- [WORK INSTRUCTION]: Output all the entries word for word. Omit the pictures.

- [RECORD SET]:
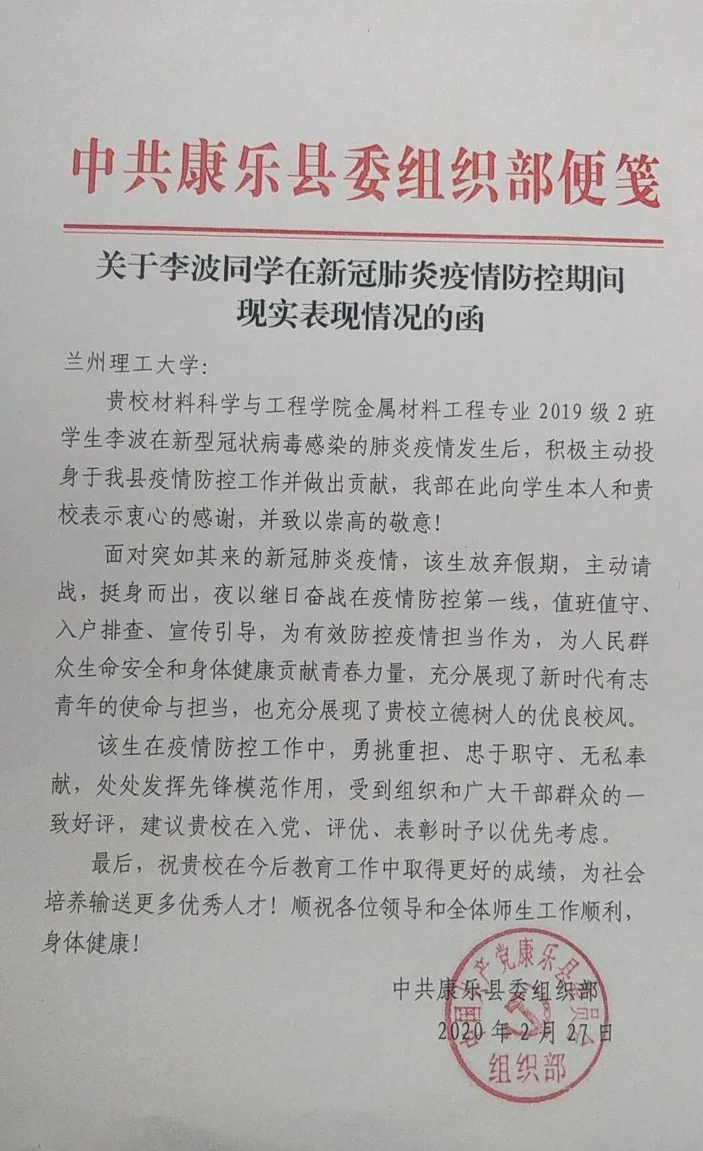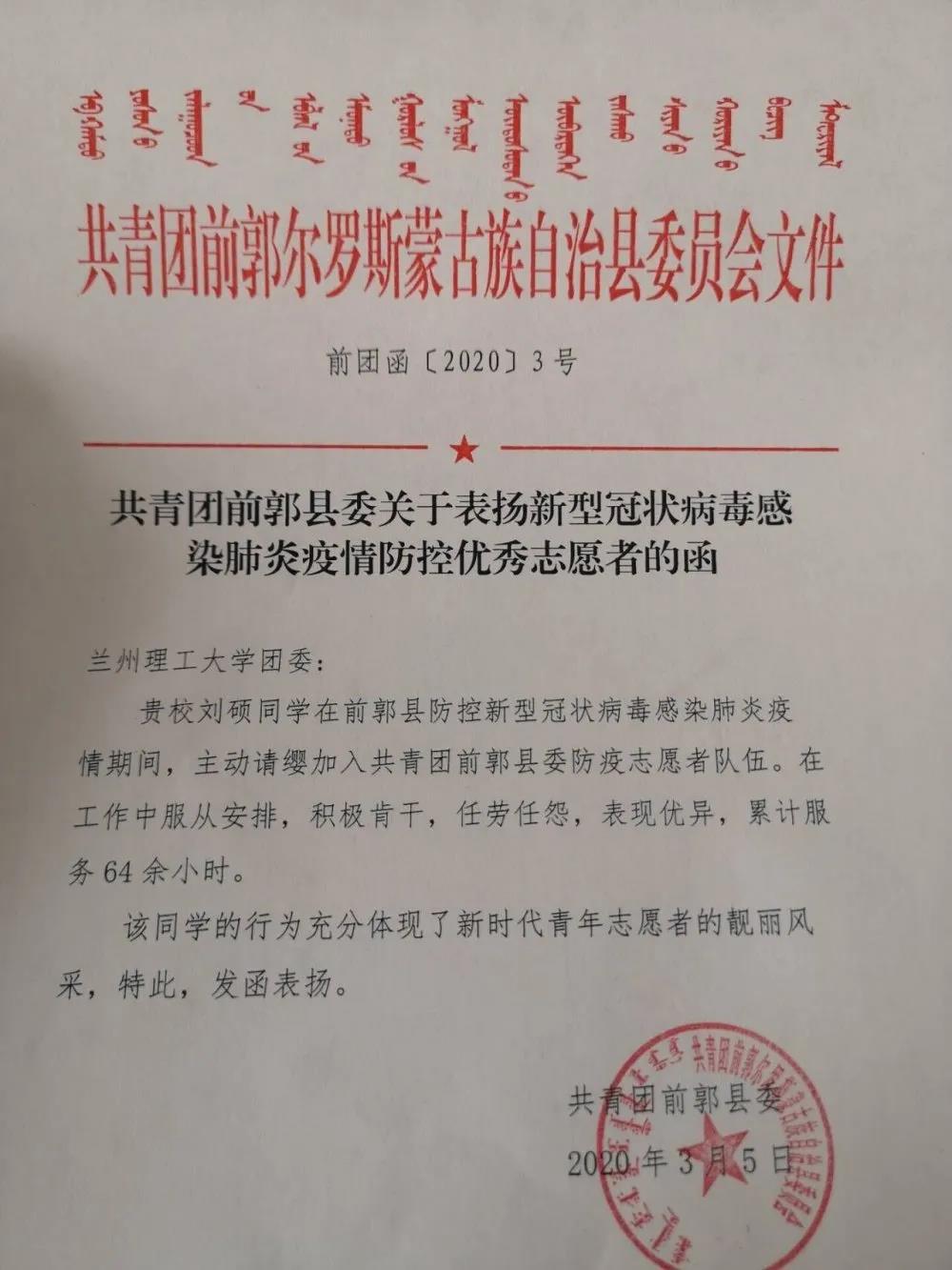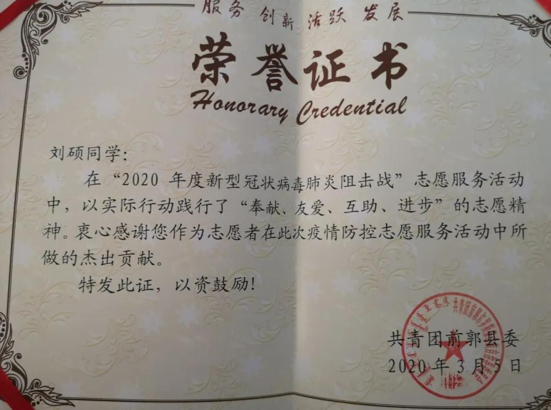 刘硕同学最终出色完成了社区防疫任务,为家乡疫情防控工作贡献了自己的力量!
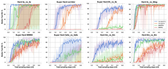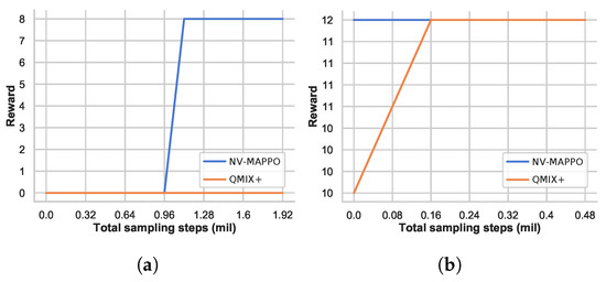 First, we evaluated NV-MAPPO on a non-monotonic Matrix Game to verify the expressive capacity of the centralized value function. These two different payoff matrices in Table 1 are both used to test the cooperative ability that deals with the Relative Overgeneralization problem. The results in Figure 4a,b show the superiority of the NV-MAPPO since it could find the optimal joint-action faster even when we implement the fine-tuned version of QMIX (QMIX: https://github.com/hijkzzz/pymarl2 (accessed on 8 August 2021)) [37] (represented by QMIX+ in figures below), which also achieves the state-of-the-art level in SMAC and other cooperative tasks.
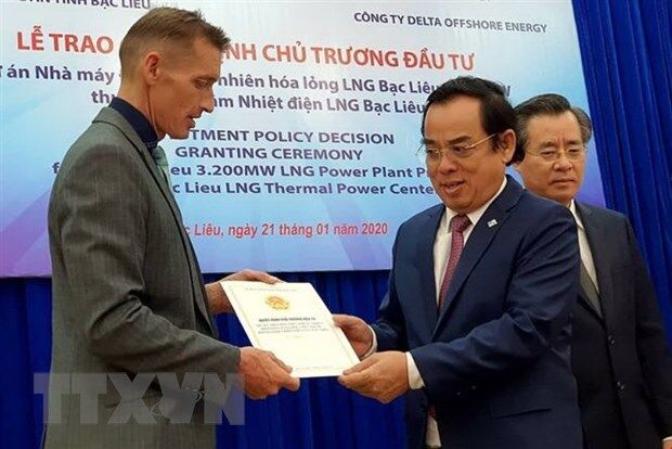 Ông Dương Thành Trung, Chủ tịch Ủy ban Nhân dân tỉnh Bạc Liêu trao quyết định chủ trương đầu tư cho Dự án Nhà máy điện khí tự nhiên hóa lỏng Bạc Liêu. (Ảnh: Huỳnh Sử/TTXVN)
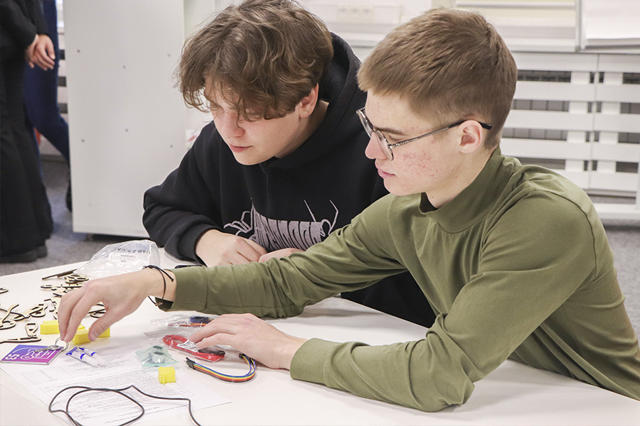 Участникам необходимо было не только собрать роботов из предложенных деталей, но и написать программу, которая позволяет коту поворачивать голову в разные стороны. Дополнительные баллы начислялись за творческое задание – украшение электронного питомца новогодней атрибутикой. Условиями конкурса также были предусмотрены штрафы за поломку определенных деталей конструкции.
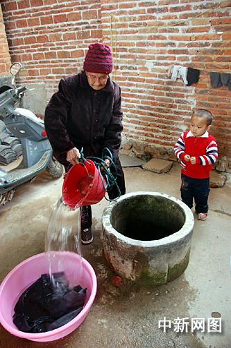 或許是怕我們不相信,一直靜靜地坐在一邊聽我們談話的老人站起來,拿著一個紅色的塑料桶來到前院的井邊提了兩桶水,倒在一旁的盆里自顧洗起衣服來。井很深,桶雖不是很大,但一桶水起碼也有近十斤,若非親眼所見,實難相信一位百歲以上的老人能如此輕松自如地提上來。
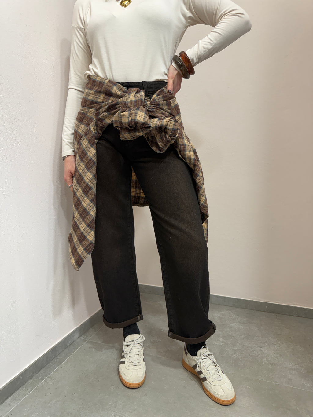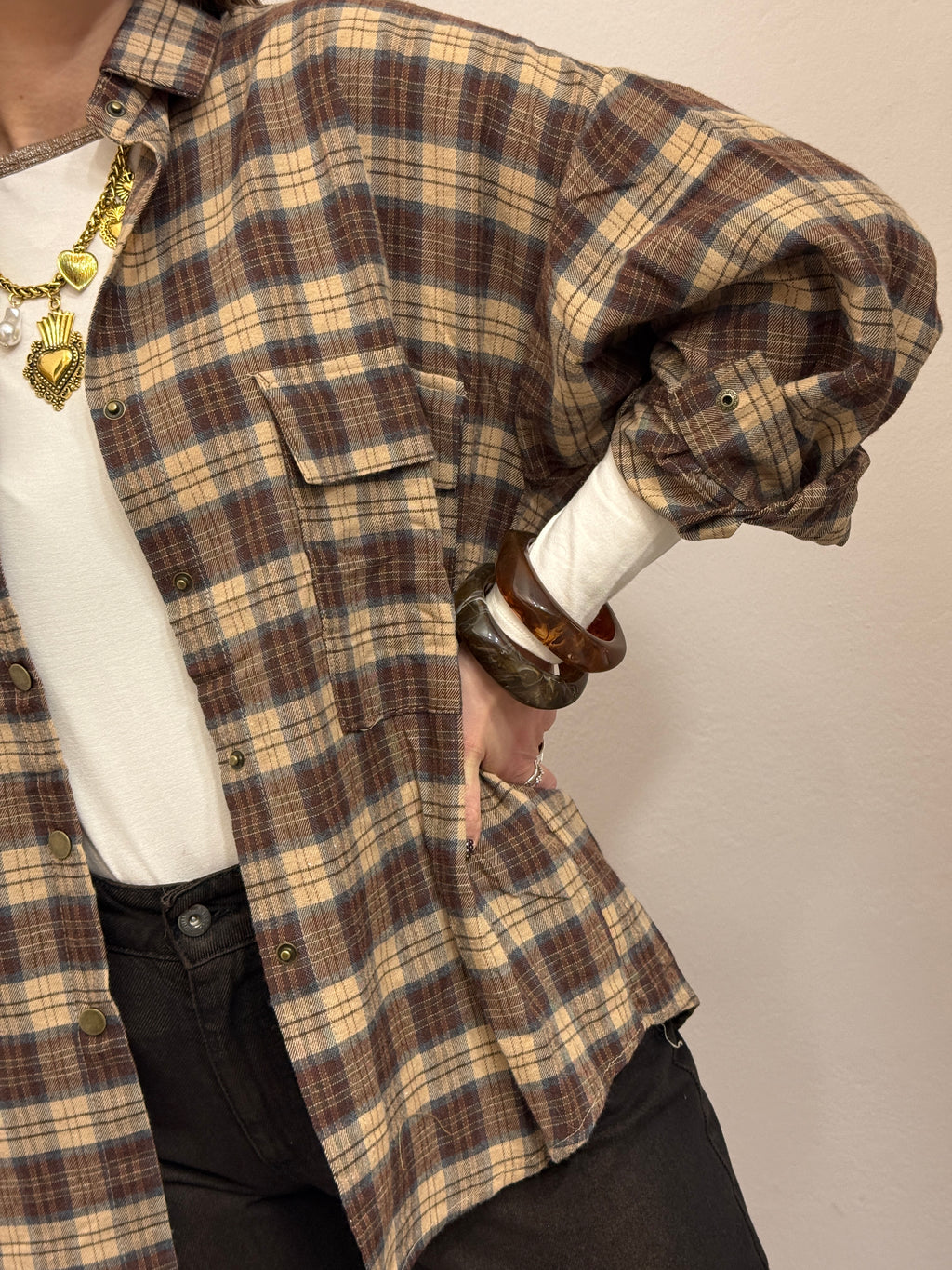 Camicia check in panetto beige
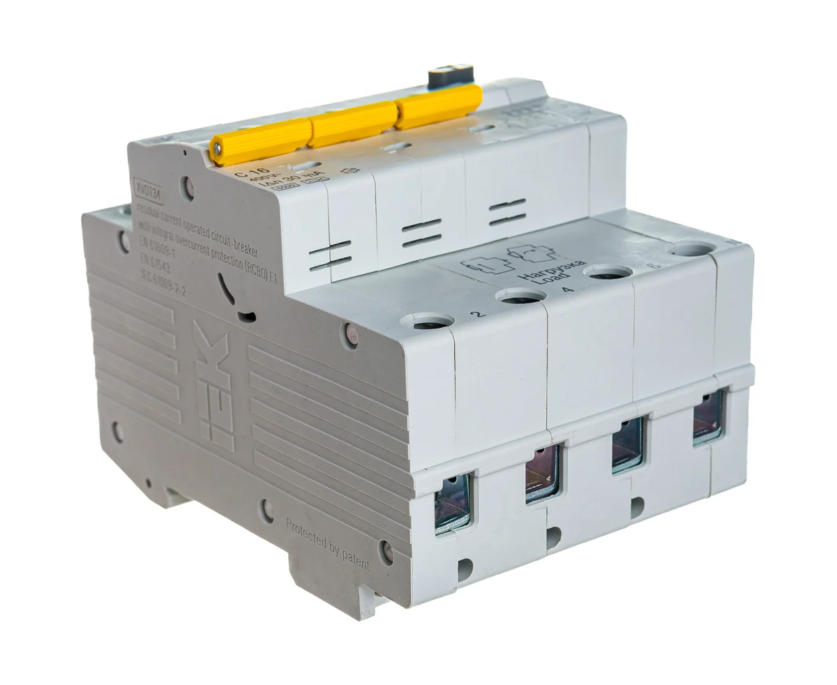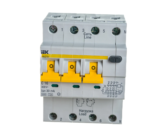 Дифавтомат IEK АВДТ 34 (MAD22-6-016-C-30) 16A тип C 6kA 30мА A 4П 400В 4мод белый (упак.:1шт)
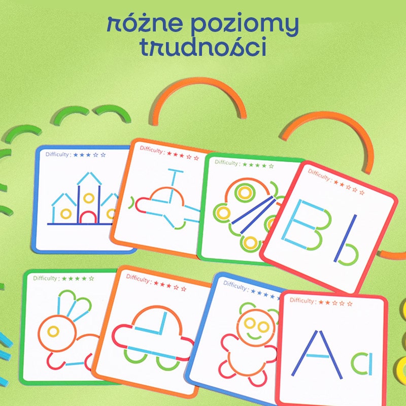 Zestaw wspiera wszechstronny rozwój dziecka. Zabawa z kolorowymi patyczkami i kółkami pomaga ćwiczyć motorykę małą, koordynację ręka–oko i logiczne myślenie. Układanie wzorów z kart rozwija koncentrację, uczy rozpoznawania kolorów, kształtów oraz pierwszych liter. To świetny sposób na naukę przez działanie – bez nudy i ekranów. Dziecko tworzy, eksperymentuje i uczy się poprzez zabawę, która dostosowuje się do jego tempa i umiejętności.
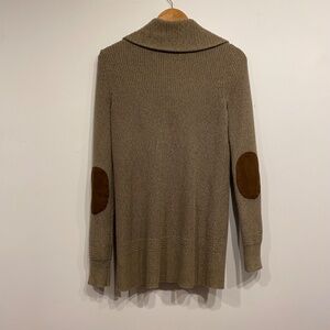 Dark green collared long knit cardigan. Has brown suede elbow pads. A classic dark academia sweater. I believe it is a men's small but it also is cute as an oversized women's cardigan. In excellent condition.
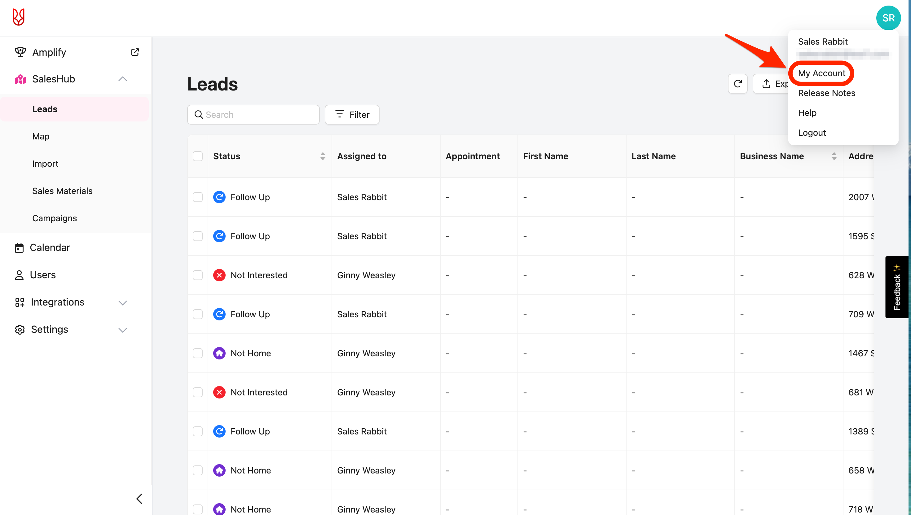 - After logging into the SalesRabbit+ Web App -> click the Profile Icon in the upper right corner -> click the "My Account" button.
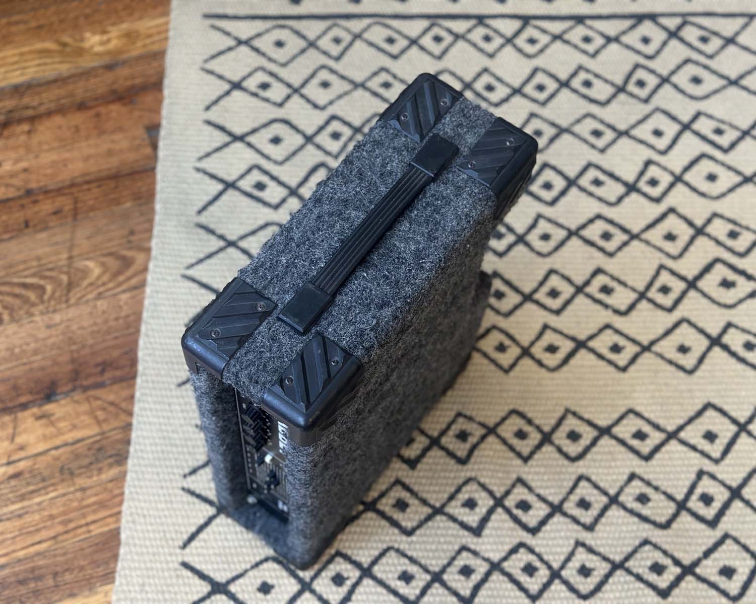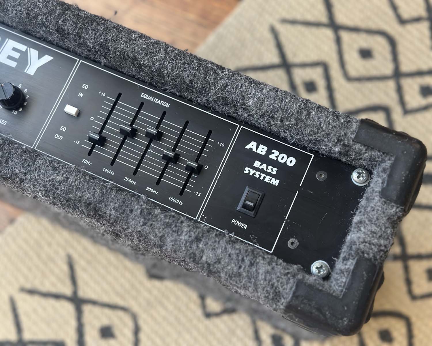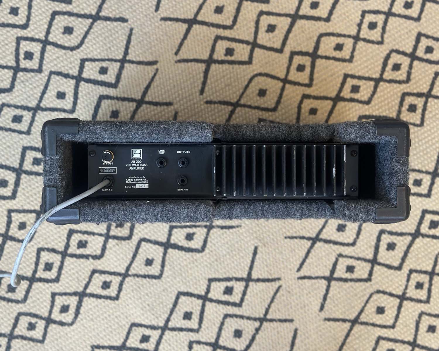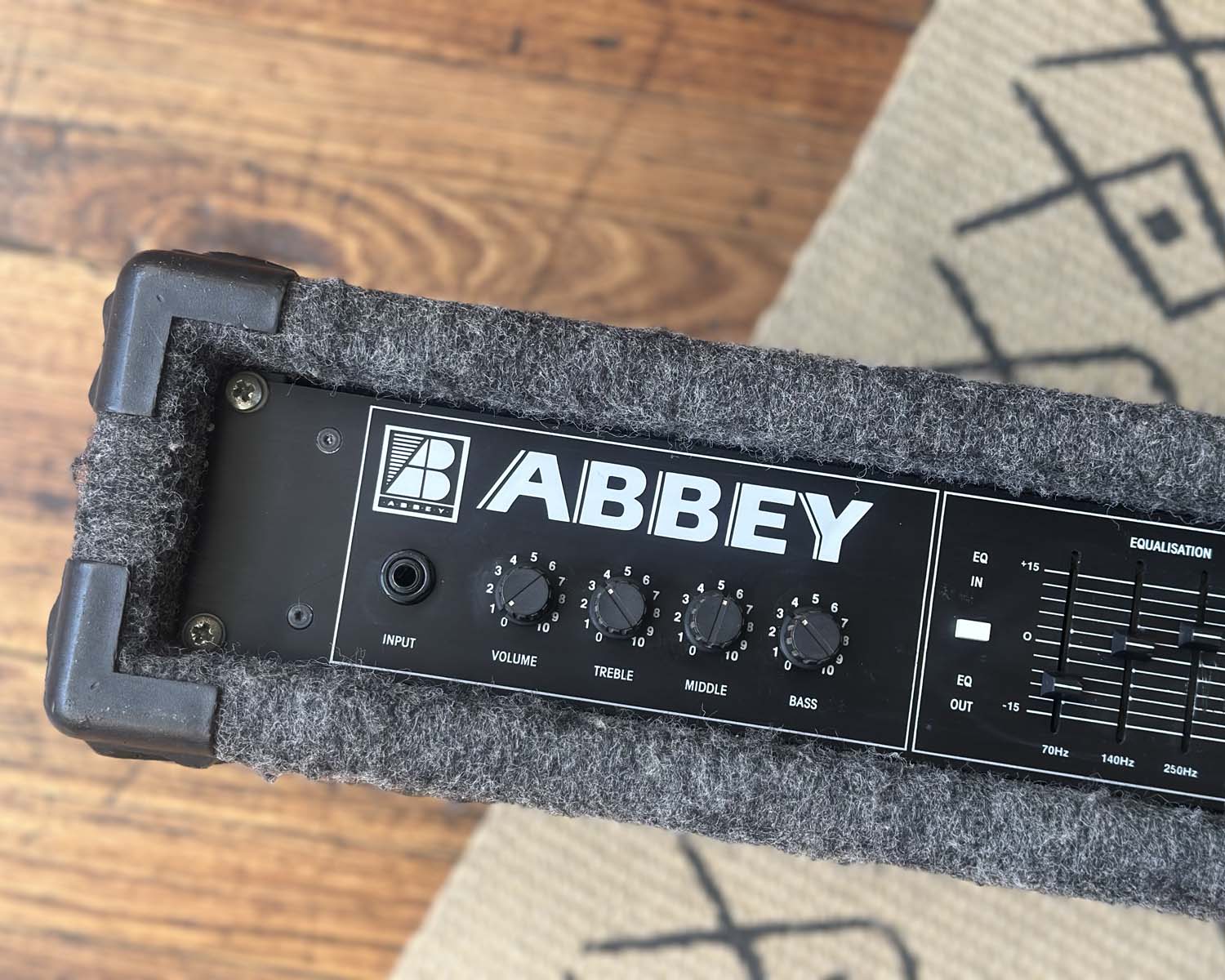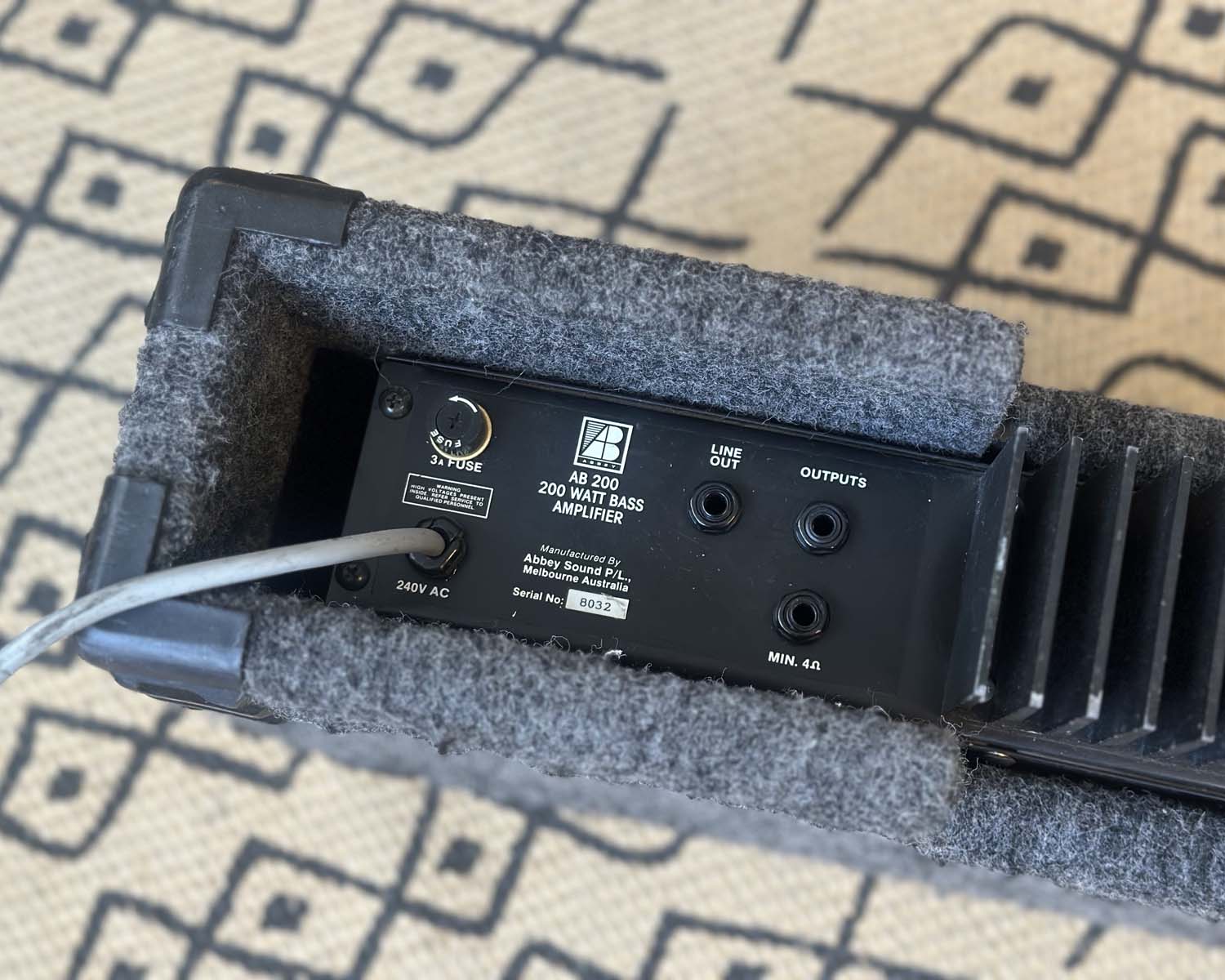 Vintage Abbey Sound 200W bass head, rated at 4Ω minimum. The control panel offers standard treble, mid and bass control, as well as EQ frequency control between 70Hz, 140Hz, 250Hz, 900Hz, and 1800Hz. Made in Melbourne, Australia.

- [ANSWER FOR THE TASK]:
 刘硕同学最终出色完成了社区防疫任务,为家乡疫情防控工作贡献了自己的力量!
 First, we evaluated NV-MAPPO on a non-monotonic Matrix Game to verify the expressive capacity of the centralized value function. These two different payoff matrices in Table 1 are both used to test the cooperative ability that deals with the Relative Overgeneralization problem. The results in Figure 4a,b show the superiority of the NV-MAPPO since it could find the optimal joint-action faster even when we implement the fine-tuned version of QMIX (QMIX: https://github.com/hijkzzz/pymarl2 (accessed on 8 August 2021)) [37] (represented by QMIX+ in figures below), which also achieves the state-of-the-art level in SMAC and other cooperative tasks.
 Ông Dương Thành Trung, Chủ tịch Ủy ban Nhân dân tỉnh Bạc Liêu trao quyết định chủ trương đầu tư cho Dự án Nhà máy điện khí tự nhiên hóa lỏng Bạc Liêu. (Ảnh: Huỳnh Sử/TTXVN)
 Участникам необходимо было не только собрать роботов из предложенных деталей, но и написать программу, которая позволяет коту поворачивать голову в разные стороны. Дополнительные баллы начислялись за творческое задание – украшение электронного питомца новогодней атрибутикой. Условиями конкурса также были предусмотрены штрафы за поломку определенных деталей конструкции.
 或許是怕我們不相信,一直靜靜地坐在一邊聽我們談話的老人站起來,拿著一個紅色的塑料桶來到前院的井邊提了兩桶水,倒在一旁的盆里自顧洗起衣服來。井很深,桶雖不是很大,但一桶水起碼也有近十斤,若非親眼所見,實難相信一位百歲以上的老人能如此輕松自如地提上來。
 Camicia check in panetto beige
 Дифавтомат IEK АВДТ 34 (MAD22-6-016-C-30) 16A тип C 6kA 30мА A 4П 400В 4мод белый (упак.:1шт)
 Zestaw wspiera wszechstronny rozwój dziecka. Zabawa z kolorowymi patyczkami i kółkami pomaga ćwiczyć motorykę małą, koordynację ręka–oko i logiczne myślenie. Układanie wzorów z kart rozwija koncentrację, uczy rozpoznawania kolorów, kształtów oraz pierwszych liter. To świetny sposób na naukę przez działanie – bez nudy i ekranów. Dziecko tworzy, eksperymentuje i uczy się poprzez zabawę, która dostosowuje się do jego tempa i umiejętności.
 Dark green collared long knit cardigan. Has brown suede elbow pads. A classic dark academia sweater. I believe it is a men's small but it also is cute as an oversized women's cardigan. In excellent condition.
 - After logging into the SalesRabbit+ Web App -> click the Profile Icon in the upper right corner -> click the "My Account" button.
 Vintage Abbey Sound 200W bass head, rated at 4Ω minimum. The control panel offers standard treble, mid and bass control, as well as EQ frequency control between 70Hz, 140Hz, 250Hz, 900Hz, and 1800Hz. Made in Melbourne, Australia.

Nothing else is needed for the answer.